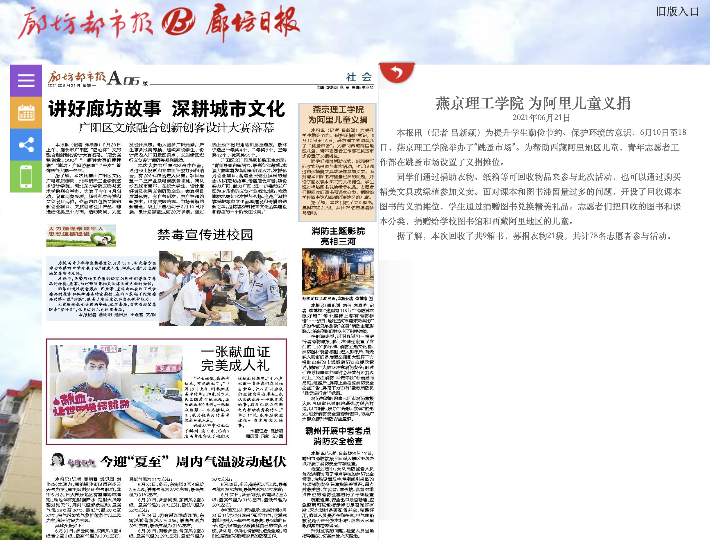 【廊坊都市报】燕京理工学院 为阿里儿童义捐
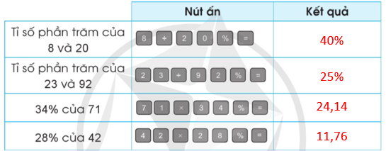 b) Dùng máy tính cầm tay để tìm tỉ số phần trăm của hai số sau (nếu phần thập phân của kết quả có nhiều chữ số thì chỉ lấy đến 2 chữ số):
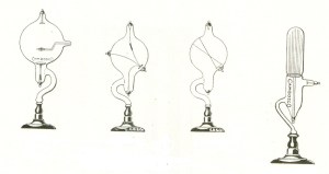 Tubos de Crookes. Diferentes modelos fabricados por Mónico Sánchez Moreno en su fábrica de “Eléctrico Sánchez” de Piedrabuena (Ciudad Real) fabricó y distribuyó estos tubos para los Departamentos de Fisica y Quimica de las Universidades Españolas y de los Institutos de Enseñanza Secundaria. Funcionaban con su “Aparato Sánchez” de corriente de alta frecuencia.
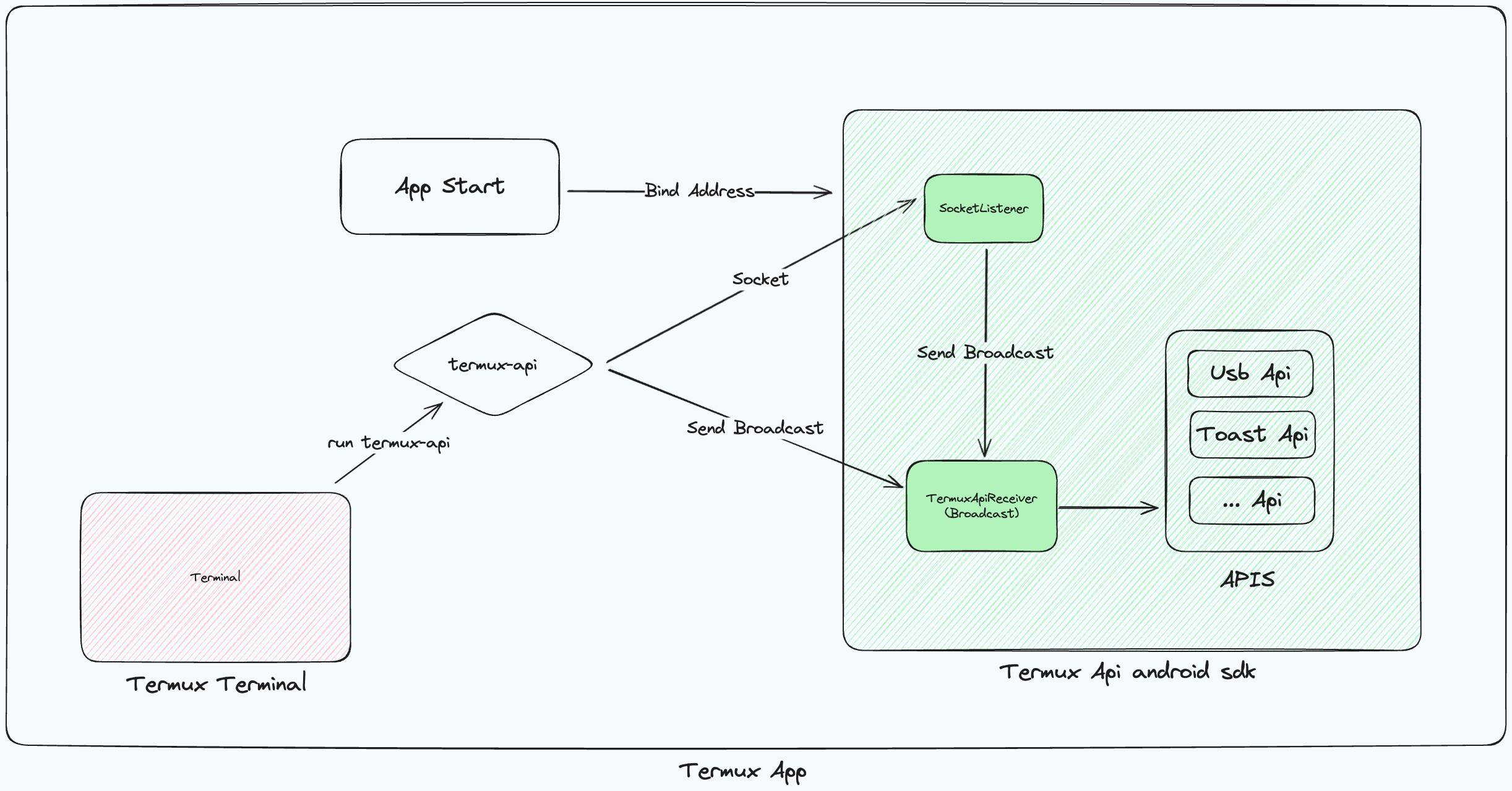 // Try to connect over the listen socket first if running on Android `< 14`. // On Android `>= 14`, if termux-api app process was started previously // and it started the socket server, but later Android froze the // process, the socket will still be connectable, but no response // will be received until the app process is unfrozen agin and // `read()` call below will hang indefinitely until that happens, // so use legacy `am broadcast` command, which will also unfreeze // the app process to deliver the intent. // - https://github.com/termux/termux-api/issues/638#issuecomment-1813233924
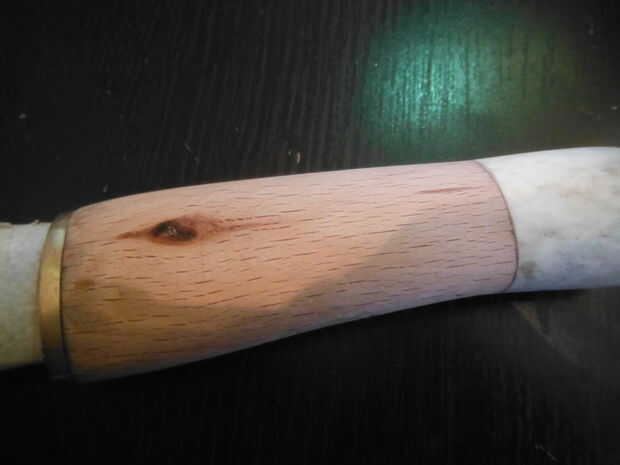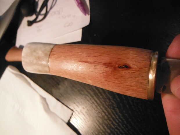 Es importante preservar su cuchillo para que no es dañado por el agua y también lo hace ver mucho mejor. Una forma de hacerlo sería utilizar barniz; sin embargo una forma que se ve mucho más bonito y resalta la veta de la madera mucho más claramente es utilizar el aceite. El mango de su cuchillo no va a entrar directamente en contacto con cualquier alimento se puede utilizar un aceite que deja una mancha o un sabor. El mejor aceite para la madera preservando se hierve aceite de linaza como que no contiene agua, aunque deja un sabor y puede ser dañoso si ingestionado. Para un cuchillo que se utilizará con la comida mucho sugiero usar aceite de girasol o aceite de nuez (sólo si tu no alérgico a las nueces, obviamente).
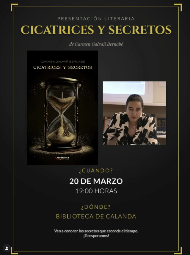 Presentación de Carmen Galvañ Bernabé de su último libro de relatos premiados «Cicatrices y Secretos», donde nos compartira y charlara con todos los asistentes y donde podrá responder a vuestras preguntas. Y además podrás llevarte el libro firmado por la autora.
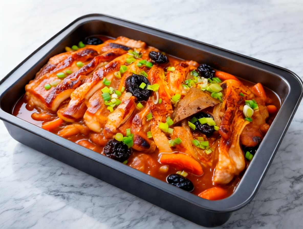 Приветствую вас, гурманы! Пиво с мясом - лучшие кулинарные компаньоны. Сегодня мы представляем простенький, но вкусный рецепт. Все просто замариновать, запечь, съесть. Берем: Делаем: 1. Мясо моем, обсушиваем бумажным полотенцем. Режем на куски размером примерно 5 см. Натираем обильно солью и паприкой. Укладываем в миску, накрываем и отправляем в холодильник. На 8-12 часов. 2. Духовку разогреваться до 180-190°C. 3. Лук чистим и режем кольцами. В форму для запекания смазываем растительным маслом. Выкладываем в форму лук и мясо в следующем порядке: слой лука, слой мяса, снова лук и снова мясо. Как на фото: 4. В миску наливаем 500 мл тёмного пива. Добавляем мёд. Размешиваем до растворения меда. Заливаем пивом мясо. Чернослив и курагу заливаем кипятком на 2 минуты. Равномерно рассовываем ягоды между кусками мяса. Сверху приправляем всё молотым чёрным перцем по вкусу и кидаем лавровый лист. Ставим форму в разогретую духовку на 1,5-2 часа. Подаем с картофельным пюре или рисом, посыпаем сверху

• **Instructions for the task**: What you should return is the exact text of every line from the top of the entries through the line with "Presentación de Carmen", pictures removed.

• **Solution for this problem**:
 【廊坊都市报】燕京理工学院 为阿里儿童义捐
 b) Dùng máy tính cầm tay để tìm tỉ số phần trăm của hai số sau (nếu phần thập phân của kết quả có nhiều chữ số thì chỉ lấy đến 2 chữ số):
 Tubos de Crookes. Diferentes modelos fabricados por Mónico Sánchez Moreno en su fábrica de “Eléctrico Sánchez” de Piedrabuena (Ciudad Real) fabricó y distribuyó estos tubos para los Departamentos de Fisica y Quimica de las Universidades Españolas y de los Institutos de Enseñanza Secundaria. Funcionaban con su “Aparato Sánchez” de corriente de alta frecuencia.
 // Try to connect over the listen socket first if running on Android `< 14`. // On Android `>= 14`, if termux-api app process was started previously // and it started the socket server, but later Android froze the // process, the socket will still be connectable, but no response // will be received until the app process is unfrozen agin and // `read()` call below will hang indefinitely until that happens, // so use legacy `am broadcast` command, which will also unfreeze // the app process to deliver the intent. // - https://github.com/termux/termux-api/issues/638#issuecomment-1813233924
 Es importante preservar su cuchillo para que no es dañado por el agua y también lo hace ver mucho mejor. Una forma de hacerlo sería utilizar barniz; sin embargo una forma que se ve mucho más bonito y resalta la veta de la madera mucho más claramente es utilizar el aceite. El mango de su cuchillo no va a entrar directamente en contacto con cualquier alimento se puede utilizar un aceite que deja una mancha o un sabor. El mejor aceite para la madera preservando se hierve aceite de linaza como que no contiene agua, aunque deja un sabor y puede ser dañoso si ingestionado. Para un cuchillo que se utilizará con la comida mucho sugiero usar aceite de girasol o aceite de nuez (sólo si tu no alérgico a las nueces, obviamente).
 Presentación de Carmen Galvañ Bernabé de su último libro de relatos premiados «Cicatrices y Secretos», donde nos compartira y charlara con todos los asistentes y donde podrá responder a vuestras preguntas. Y además podrás llevarte el libro firmado por la autora.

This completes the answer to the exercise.